Hilirisasi disebut membantu surplus perdagangan. Catatan Drajat, Indonesia surplus dagang 39 bulan berturut-turut sejak Februari 2020. Ekspor nikel dan turunannya naik dari US$3 miliar pada 2019 menjadi US$33 miliar pada 2022. Lalu, ekspor bauksit dan turunnya naik dari US$467 juta di 2019 dan US$623 juta di 2022. Demikian juga dengan ekspor sawit dan turunannya yang naik dari US$20 miliar ke US$39 miliar pada periode yang sama.
"Apa pun kritik yang ada, pasar nikel masih ada," ujarnya.

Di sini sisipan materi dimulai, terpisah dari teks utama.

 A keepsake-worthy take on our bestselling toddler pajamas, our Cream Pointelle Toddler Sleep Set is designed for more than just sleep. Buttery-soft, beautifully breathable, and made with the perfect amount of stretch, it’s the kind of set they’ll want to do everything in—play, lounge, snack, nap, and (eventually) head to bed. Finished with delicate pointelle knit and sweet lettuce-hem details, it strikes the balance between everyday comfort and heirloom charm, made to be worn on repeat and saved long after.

Menurut Drajat, kebutuhan investasi hilirisasi hingga 2040 mencapai US$545,3 miliar dengan delapan sektor prioritas, yakni mineral, batu bara, minyak, gas bumi, perkebunan, kelautan, perikanan, dan kehutanan. Adapun komoditas prioritas hilirisasi mencapai 21 komoditas, termasuk nikel, tembaga, bauksit, besi baja, emas perak, aspal buton, hingga rumput laut, dan garam.

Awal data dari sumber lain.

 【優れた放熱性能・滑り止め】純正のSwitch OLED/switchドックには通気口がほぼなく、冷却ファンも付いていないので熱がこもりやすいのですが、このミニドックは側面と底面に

Sekretaris Eksekutif TPN Ganjar-Mahfud, Heru Dewanto mengatakan akan melanjutkan hilirisasi dengan percepatan untuk Indonesia yang lebih baik. Dia menyoroti infrastruktur yang digenjot pemerintahan saat ini sehingga dapat dimanfaatkan untuk menggerakkan perekonomian termasuk hilirisasi,
"Legacy terbesar pemerintahan sebelumnya adalah infrastruktur. Jika infrastruktur sudah terbangun dan dapat menjalankan fungsinya, maka bisa menggerakkan mesin-mesin ekonomi dan industri menjadi lebih kuat dibandingkan sekarang," tuturnya.
Dia mengatakan akan melihat mesin-mesin ekonomi baru, termasuk hilirisasi, ekonomi biru, ekonomi hijau, transisi energi, dan digitalisasi.
"Dengan mesin ekonomi yang lebih kuat, pertumbuhan ekonomi 7% bisa dicapai sehingga keluar dari middle income trap," ujarnya.